We also examined the stylet pathway in the soybean stem using histological investigation and found that when waveform Rp2 appeared, the stylet tip was positioned in the xylem vessel (Figure 6E,F). A salivary sheath was also secreted and wrapped around the stylet during waveform Rp2 (Figure 6E,F). Therefore, histological examinations confirmed the correlation between waveform Rp2 and xylem sap ingestion in soybean stem.
Waveform Rp3 occurs during R. pedestris feeding on the soybean cotyledon and pod. A cross section of cotyledon with stylets showed that stylet tips positioned in the cotyledon (Figure 7A–D). A thin layer of the salivary sheath surrounding stylets was also observed in cotyledon (Figure 7C,D). The histological images during waveform Rp3 in soybean pods showed that R. pedestris stylet tips were located within the pod tissue after trespassing the pod wall (Figure 7E). If the pod wall was removed, stylet tips were positioned in the seed endosperm (Figure 7F). Therefore, histological investigation ascertained the correlation between waveform Rp3 and cell-rupture tactics (salivation and ingestion). Rp1 was also observed during R. pedestris feeding on soybean pods, but a cross section of plant tissue containing stylet was not achieved because of the short period of this waveform occurrence. We hypothesize that R. pedestris might occasionally obtain water from the pod wall.
4. Discussion
The current study is the first paper to study the feeding behavior of a bean bug R. pedestris (Heteropterans: Alydidae), an important pest of soybean crops in East Asia. A waveform library was created using the EPG system, and six different waveforms—Np, Z, Rp1, Rp2, RP3 and RP4—were identified associated with the stylet activities of R. pedestris on the soybean stem, leaflet, pod, and cotyledon. Waveforms were further grouped into nonprobing, pathway, xylem sap ingestion, salivation and ingestion, and interruption phases (Table 1 and Figure 1, Figure 2 and Figure 5). In comparison with the waveforms recorded from Pentatomidae species, we found that the Rp2 waveform varied in different plant tissues, which is consistent with the DM2 waveforms of Dichelops melacanthus on maize seedlings [31] and Tibraca limbativentris on Rice [18]. For the cell rupture strategy employed by R. pedestris, it is hard to distinguish the waveform salivation from ingestion, so salivation/ingestion was defined together as Rp3, the same as the NV3 of Nezara viridula [32].
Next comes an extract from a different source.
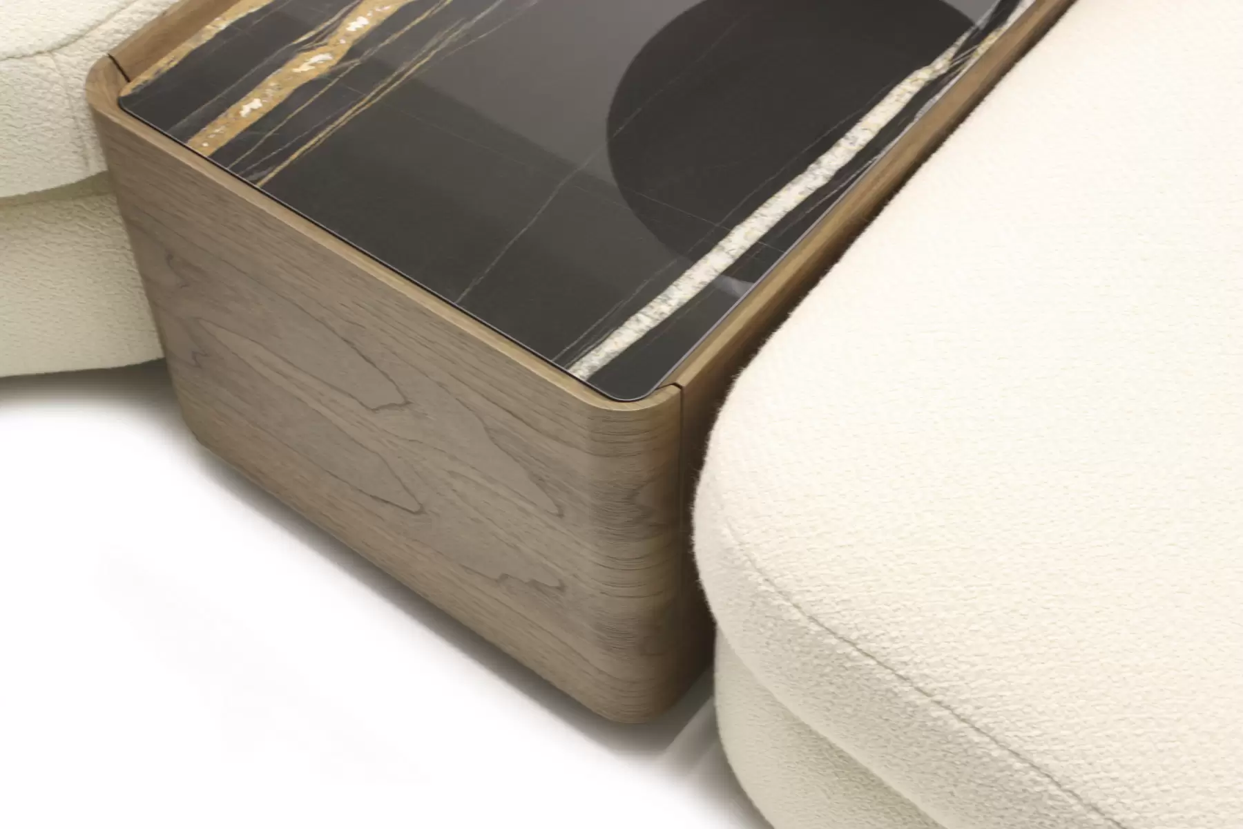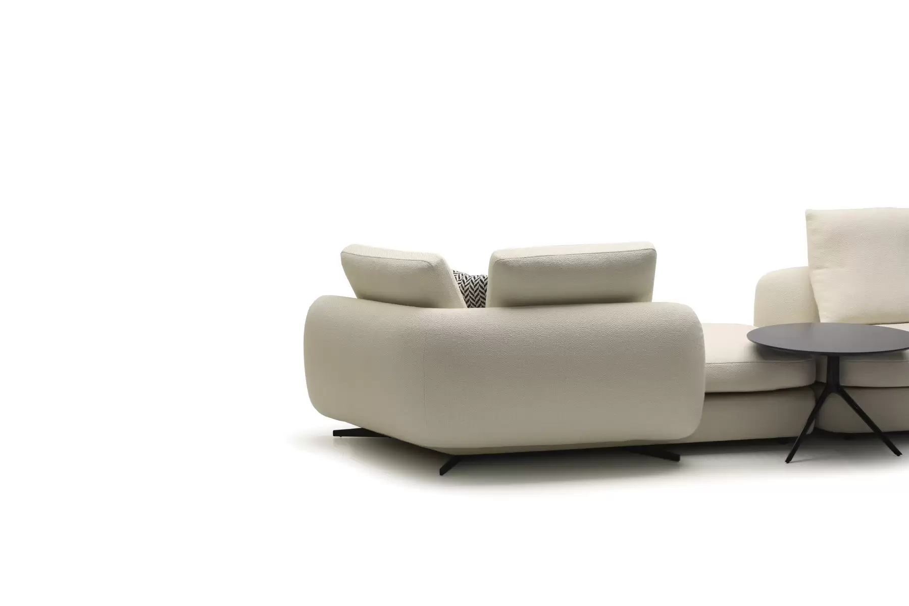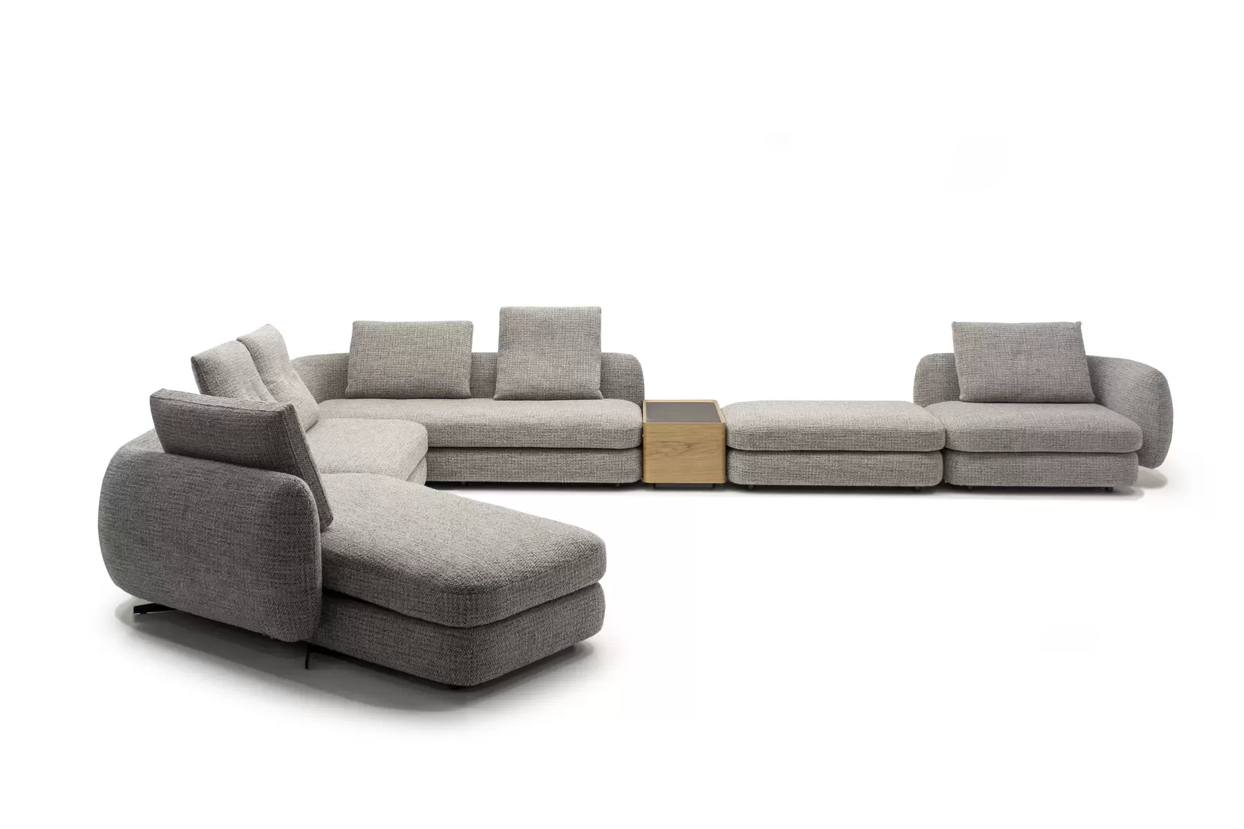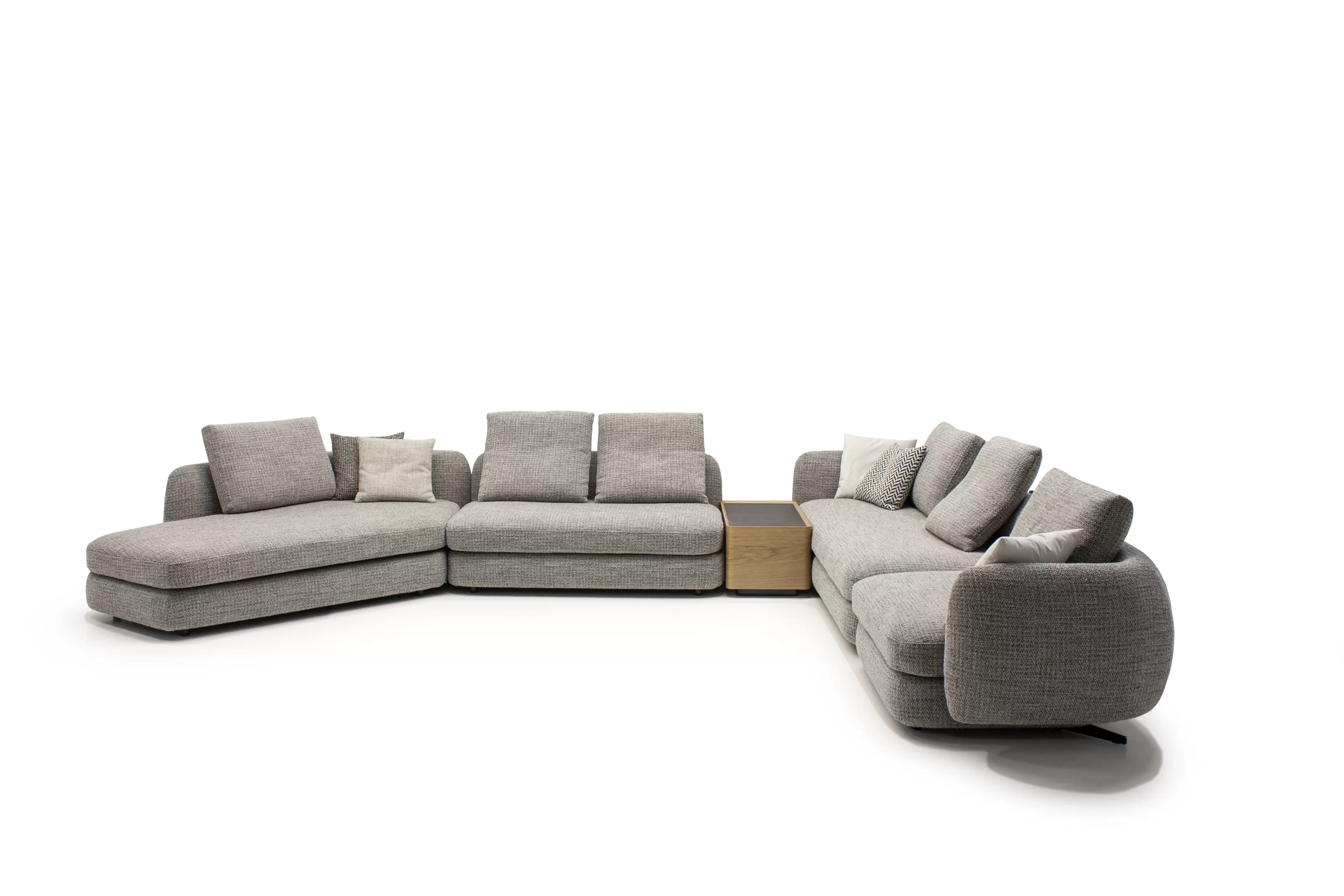 Форма сиденья сочетает трапеции и классические прямоугольники со скругленными деталями. Деликатная изысканность – это то, что позволяет ему принимать различные очертания и размеры, не утрачивая своей элегантности и функциональности. Модули дивана изысканных форм с разной глубиной очень комфортны и эргономичны.

In general, two feeding strategies—salivary sheath and cell rupture—were described for heteropterans [13]. Depending on the species, one or both feeding tactics may be used by stink bugs. The mirid species Lygus lineolaris and Lygus hesperus use only the cell-rupture strategy when feeding on cotton squares [33]. Edessa meditabunda utilizes only salivary-sheath tactics to feed on soybean stems [31]. Most species within Pentatomidae used both the sheath-feeding and cell-rupture strategies, for example, Piezodorus guildinii [29], Euschistus heros [24], and Nezara viridula [32] feeding on soybean plants; Halyomorpha halys [28] on vicia faba leaves; Tibraca limbatinebtris [18] on rice; and Dichelops melacanthus [31] on maize seedlings. We found that R. pedestris also used both strategies (salivary sheath and cell rupture) while feeding on soybean plants. Stylet positioning in the xylem vessels during waveform Rp2 demonstrated that R. pedestris primarily ingested xylem sap via salivary sheath strategy from soybean leaflets and stems to obtain water. The stylet tips ending in the cotyledon or endosperm of seeds during waveform Rp3 demonstrated that R. pedestris ingested cell contents from the cotyledon and pod via cell-rupture tactics. To date, R. pedestris is the first reported Alydidae species whose feeding strategy has been investigated using EPG. Anasa tristis represented the first Coreidae species whose feeding behavior was studied with EPG in 1999, and this finding only revealed that sheath tips were located in vascular bundles, suggesting that Coreidae insects utilize salivary-sheath tactics to feed; however, more data are needed to further confirm this finding [25].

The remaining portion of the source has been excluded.